Le 10 avril 2014, la Commission brésilienne en charge des OGM, la CTNBio, a autorisé [4] (à 16 voix contre une [5]) le premier insecte transgénique à être disséminé dans l’environnement.

La dengue est une maladie qui touche un peu plus de 120 000 brésiliens chaque année [6] et pour laquelle il n’existe pour le moment ni vaccin [7] ni traitement. Cependant, cette maladie n’est pas toujours fatale, loin de là. La diminution des cas de dengue dans certaines régions montre qu’une lutte préventive est possible. Ainsi à la Réunion, île africaine sous dépendance française, la dengue a chuté drastiquement, sous l’influence de politique de santé publique et d’actions de lutte antivectorielle. En effet, le fait de supprimer tous les points d’eau stagnante à proximité des habitations permet de limiter la prolifération du moustique porteur du virus… D’autres part, l’OMS le souligne aussi : « la détection précoce et l’accès à des soins médicaux adaptés permettent de ramener les taux de mortalité en dessous de 1% » [8].
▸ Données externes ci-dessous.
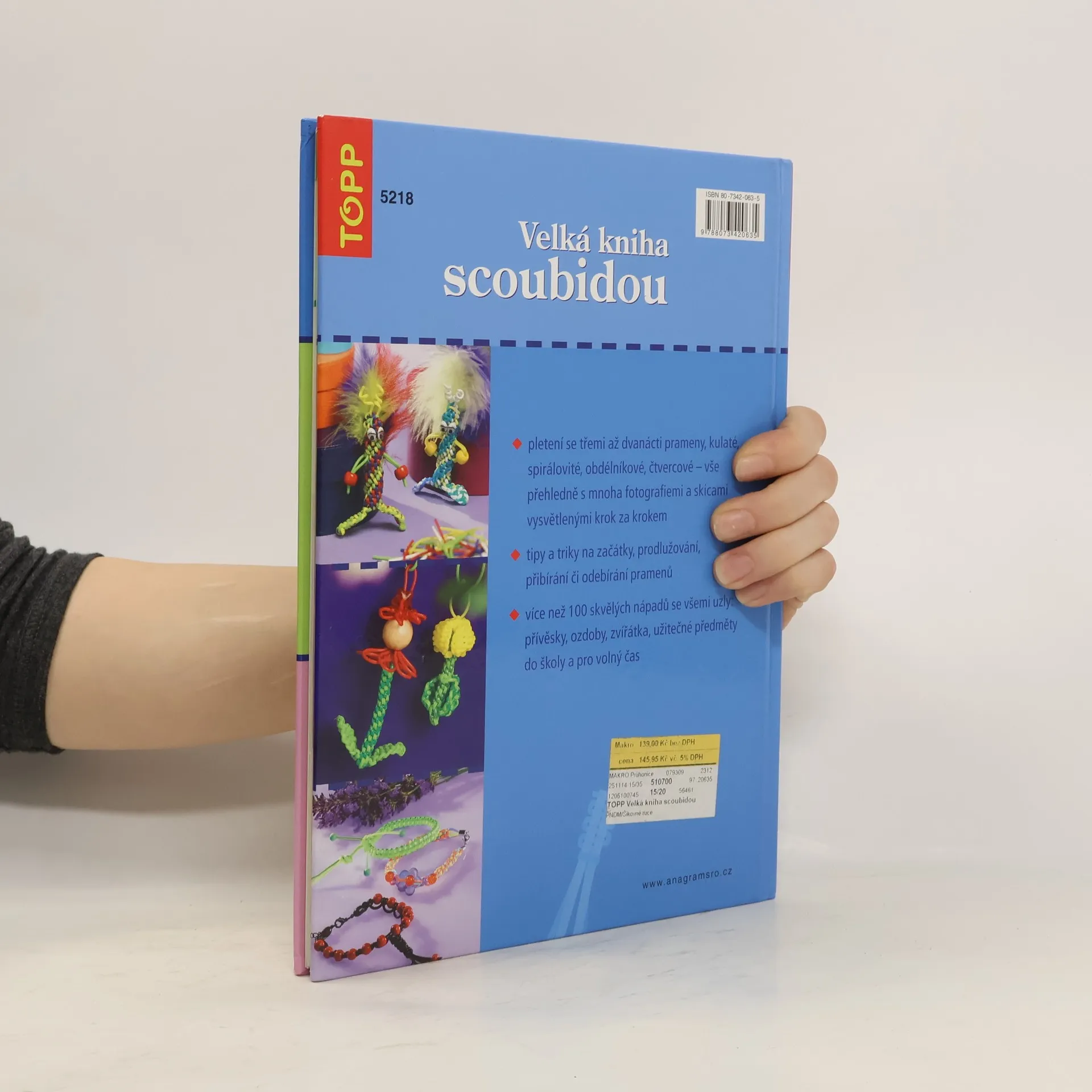 Podtitul: všechny uzly, tipy a triky : [s bužírkou i jinými materiály Ze scoubi - barevných bužírek - upletete nádherné věci. Náramky, přívěsky na klíče, barevná zvířátka či pestré propisky - vaší tvořivosti se meze nekladou. V této knize najdete více než 100 skvělých nápadů vytvořených ze tří až dvanácti pramenů scoubi - kulaté, spirálovité či obdélníkové scoubidou. Díky přesným popisům, barevným ilustracím a podrobně popsaným a rozkresleným postupům se vám jistě podaří vytvořit si malá umělecká dílka pro sebe i své kamarády.

Cependant, d’autres stratégies ont été proposées et sont sur le point d’être commercialisées. Ainsi, Oxitec, une entreprise britannique en étroite relation avec Syngenta, propose des moustiques transgéniques stériles qui permettraient de « contrôler » la population des moustiques vecteurs. Des essais en champs ont été réalisé par Oxitec : 6000 moustiques GM lâchés en Malaisie en 2010 [9], trois millions de moustiques GM dans les îles Caïmans [10] et plusieurs essais au Brésil. Curieusement, les essais prévus en Floride (États-Unis) n’ont jamais eu lieu… Au Brésil, la première autorisation commerciale pour ces moustiques GM vient donc d’être accordée.
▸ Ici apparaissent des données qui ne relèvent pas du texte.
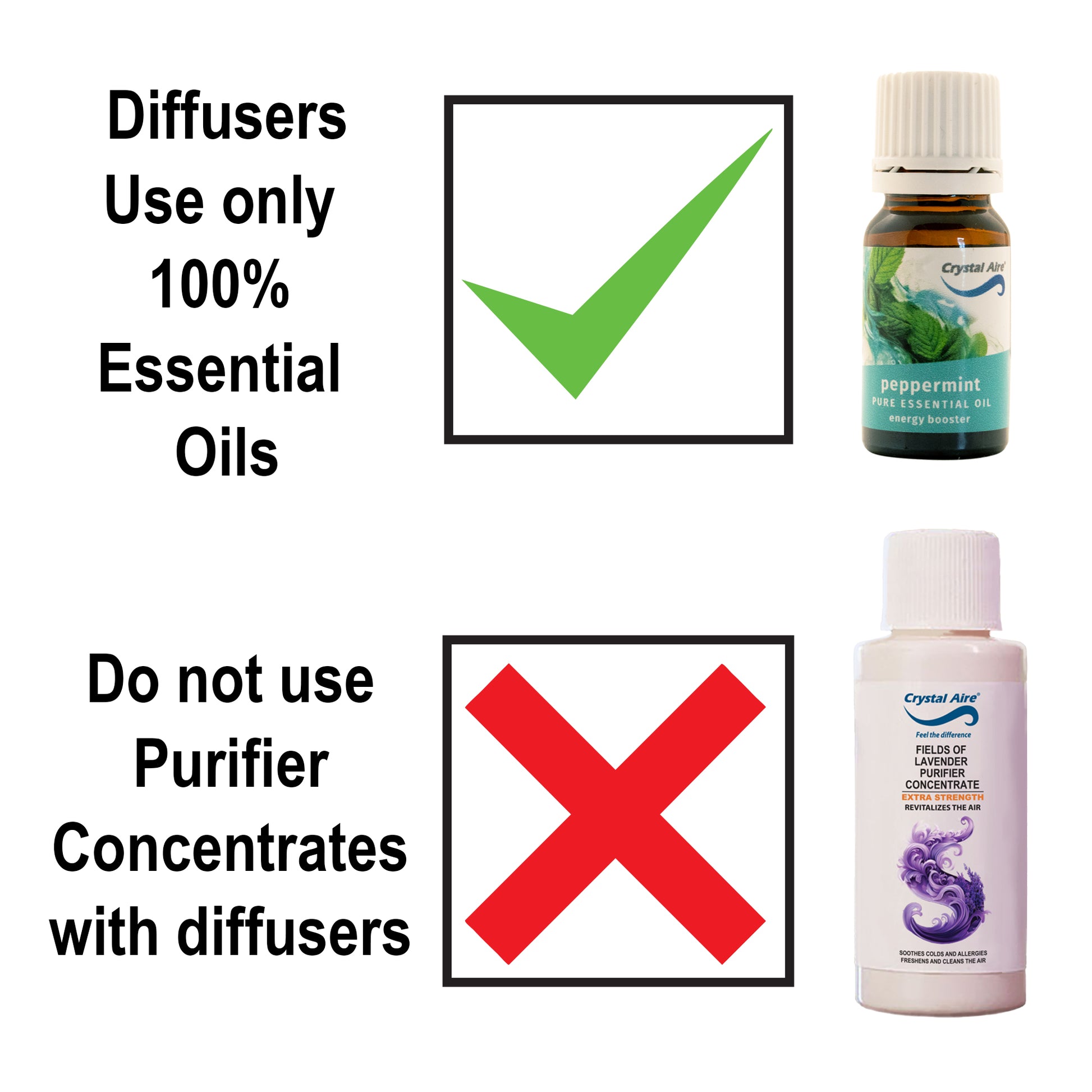 It is strongly recommended to only use Crystal Aire Essential Oils in the diffuser

La CTNBio au Brésil, à la différence du Haut conseil sur les biotechnologies en France, ne se contente pas d’évaluer les demandes d’autorisation : elle est décisionnaire. Pour que cette autorisation soit effective, elle doit être publiée au Journal officiel et à l’instar du catalogue des variétés pour les plantes génétiquement modifiées, ce moustique GM doit être enregistré par l’Anvisa, l’agence nationale de surveillance sanitaire. Mais d’après Gabriel B. Fernandes, de l’AS-PTA, une ONG qui défend l’agriculture familiale au Brésil, cette agence ne peut qu’exécuter les décisions de la CTNBio. Or, contre toute attente, le 12 avril 2016, l’Anvisa [11] a décidé de se saisir du dossier et d’évaluer « la sécurité et l’efficacité » de ce nouvel outil de la lutte anti-vectorielle. Ce n’est qu’au terme de cette évaluation que l’Anvisa décidera (ou non) d’autoriser commercialement ce moustique. Cependant, l’Anvisa a délivré à Oxitec une autorisation temporaire pour permettre à l’entreprise de réaliser d’autres lâchers « expérimentaux » de ces moustiques transgéniques.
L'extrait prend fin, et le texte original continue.